Ja, ich weiß des auch nich so recht :-( ...hab mit meinem Lehrer noch nix genaues besprochen. Ich will aber schon, einfach so zum Vergleich, ein paar Vorspänne analysieren. Daher bin ich für jede Hilfe dankbar . Welche schlägst denn so vor?

mfg 
Jojo


----------



## axn (8. August 2006)

Wenn ich jetzt in meine noch nicht vorhandene Sammlung schauen könnte...
Man kann Vorspänners in verschiedene Gruppen teilen. Da gibt es z.B. die Unterscheidung zwischen sozusagen inhaltlosen einfach nur schönen - manche greifen die Optik des gesammten Films auf, oder solche die schon beginnen eine Gewschichte zu erzählen. Als Beispiel fällt mir der Vorspann zu Fightclub ein, eine Fahrt durch die Nervenbahnen des Hirns, heraus aus der Kopfhaut mit Schweißperlen, über den Lauf einer Pistole, und in dieser Szene beginnt der Film... Vielleicht fällt mir morgen noch was konkreteres ein. Bin gespannt was die Anderen noch so beitragen. Schönes Thema! Würde mich freuen wenn du uns am Ergebniss teilhaben lässt... 

mfg

axn


----------



## chmee (8. August 2006)

Schöne Arbeiten zB von Pixar:
"Die Unglaublichen" oder "Monster AG"
Beide nehmen sich des grafischen 30-60er Jaher Stils an. (Screwball)
Oder "Rosaroter Panther"

Wie Axn schon aufführte.
1. Klarer Vorspann
2. Einführung mit Vorspann-Elementen
3. Vorgeschichte, in der Climax dann Vorspann.

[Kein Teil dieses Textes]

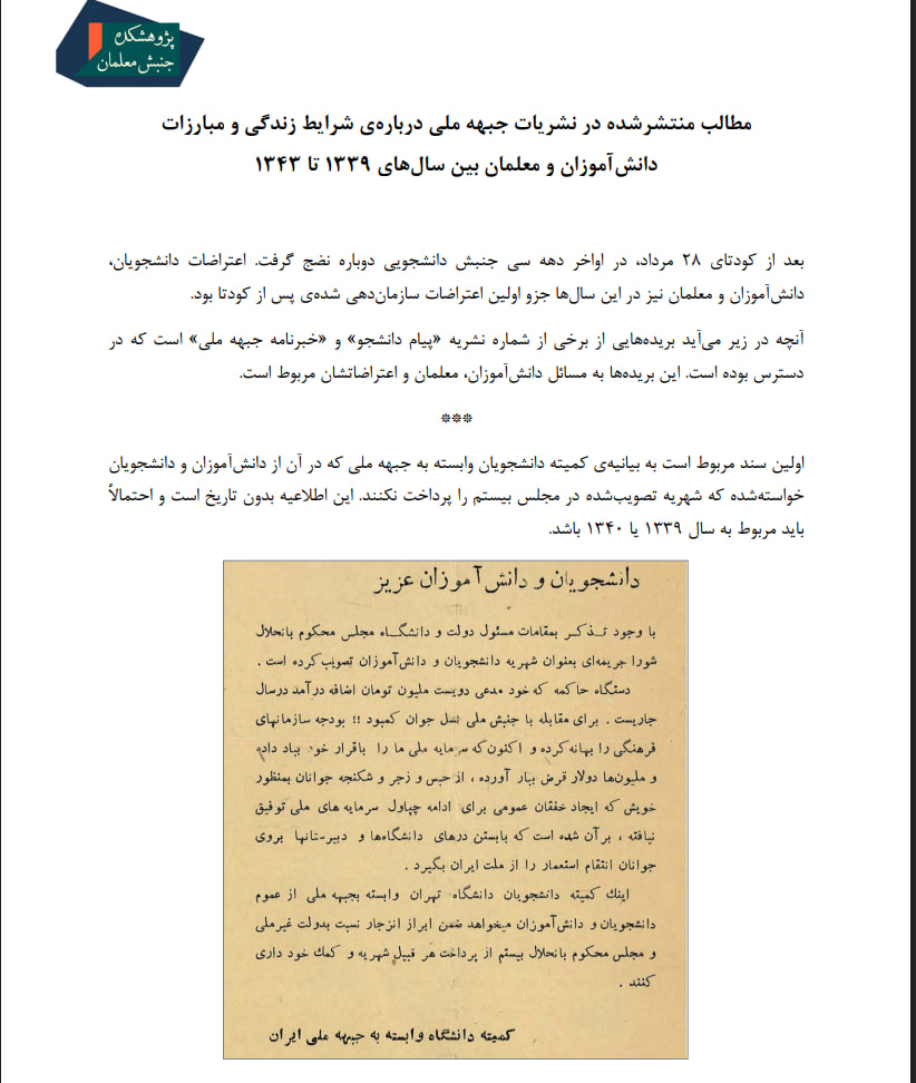 بازنشر اسناد و بیانیه‌های جبهه ملی و نشریات وابسته مانند «پیام دانشجو» درباره اعتراضات دانش‌آموزی

Hitchcock Filme - Vertigo oder Psycho - Vorwegnahme des Inhalts über grafische Arbeiten
Bond-Filme - eigentlich immer das Gleiche, aber doch Eigen.

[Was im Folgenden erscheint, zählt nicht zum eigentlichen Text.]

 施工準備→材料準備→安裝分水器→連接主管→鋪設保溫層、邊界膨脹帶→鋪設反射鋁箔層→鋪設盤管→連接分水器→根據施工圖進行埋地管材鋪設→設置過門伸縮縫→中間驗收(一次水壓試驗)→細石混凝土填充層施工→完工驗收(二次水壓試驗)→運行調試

http://www.film-vorspann.de/ unter systematik schauen.

Um FIlm in seiner Gesamtheit zu verstehen, solltest Du vielleicht noch etwas wie
"James Monaco - Film verstehen" lesen. Sehr interessant, keine Fachidioten-Lektüre.

mfg chmee


----------



## Sneakerin (9. Oktober 2006)

Hallihallo!

Ein bisschen Zeit ist ins Land gegangen und auch meine erste Vorbesprechung zur Facharbeit habe ich bereits hinter mir. Mit Erfolg sozusagen. Höchstwahrscheinlich wird mein Vorspann aus einer Abfolge von dem selben Bild (einer Spiegelwand) bestehen, welches ich in verschiedene Farbtöne einfärb. Dieser Spiegel soll variiert werden, sprich: mal zerbrochen, mal mit Blut (oder ähnlichem) beschmiert etc. . Dazu dudelt ein bisschen verträumt, aber auch verzerrt, von THE FRAY "How to save a live". Tja, klingt alles verwirrend, solls auch. Hoff mal, der Vorspann wird so wie ich ihn mir momentan noch imaginär vorstelle. Drückt mir die Daumen. Ich meld mich, wenns Neues gibt .

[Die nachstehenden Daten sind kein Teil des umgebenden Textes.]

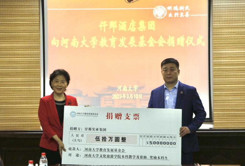 王学路代表学校师生向仟那酒店集团的捐赠表示感谢。他向来宾介绍了近几年学校的发展情况,指出学校一直以来高度重视BWIN必赢官方的发展,2023年是旅游管理专业成立30周年,希望BWIN必赢官方充分利用这一重大发展机遇,自觉对接战略方向,紧密把握产业发展的内在要求,顺应并融入重大部署,持续产出高质量学术成果,培养更多优秀人才,积极参与到蓬勃发展的产业与事业中去。此次仟那酒店集团捐赠50万元用于学院本科生教学和员工奖励基金,充分体现了集团的社会责任和担当,希望学院可以用好这笔基金,为河南省文旅产业发展和必赢bwin官方网站“双一流”建设贡献力量。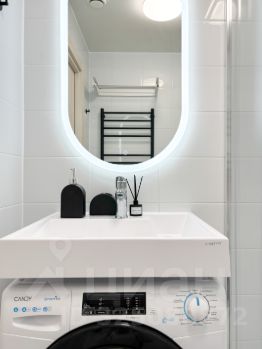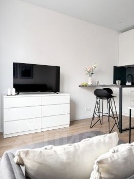 В спальной зоне стильный диван и телевизор. В квартире также для вашего удобства имеется стиральная машина.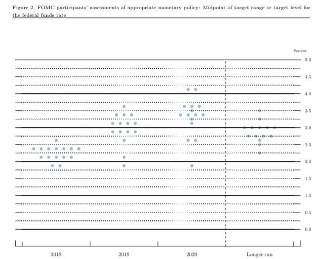 中值预测显示,2018年底联邦基金利率料为2.375%(3月份预计为2.125%)。2019年底联邦基金利率料为3.125%(前次料为2.875%)。2020年底联邦基金利率料为3.375%(前次料为3.375%)更长周期的联邦基金利率料为2.875%(前次料为2.875%)。

PS: Danke nochma für die Ratschläge! Mehr oder weniger haben sie mich wirklich weitergebracht  . Aber ich nehm auch gerne noch welche an (vielleicht auch Gedankenanregungen zwecks "meinem" Vorspann).


----------



## axn (9. Oktober 2006)

Klingt doch gut. Bin gespannt wie du mit dem gespiegelten Element umgehst..


----------



## Flex-Cut (19. Oktober 2006)

Auch ich musste ein Intro als Gruppenprojekt machen. Dabei habe ich mich am Intro von Hinter Gittern Staffel 15 orientiert. Wer die vorherigen Staffeln der Sendung kennt, der weiß das die ersten viel besser waren allerdings war diese Bild in Bild Techinik mir nicht gegeben.
Deswegen bin ich eben auf das BlueBox Ding ausgwichen. Wenn du mal sehen willst: 
http://www.camhunter.croftmanor.de/CumHunter/Bonus/HGprivat.WMV


----------



## Sneakerin (19. Oktober 2006)

Na, der is doch echt gut geworden! Ich mein, klar is die Quali jetz nich atemberaubend - aber der Schnitt richtig gut - find ich (vollkommen laienhaft jetz :-(  )! Und vorallem passend zur Musik. Na, ich hoff einfach mal, dass alles so wird wie ichs mir vorstell *g*...wenn's endlich mal ein Vorab-Produkt geb, hoff ich auf eure fachkundige Kritik.^^

LG


----------



## chmee (11. Juni 2007)

Thread ausgegraben 

http://www.slashcam.de/artikel/Buchkritiken/Das-Buch-zum-Vorspann.html

mfg chmee


----------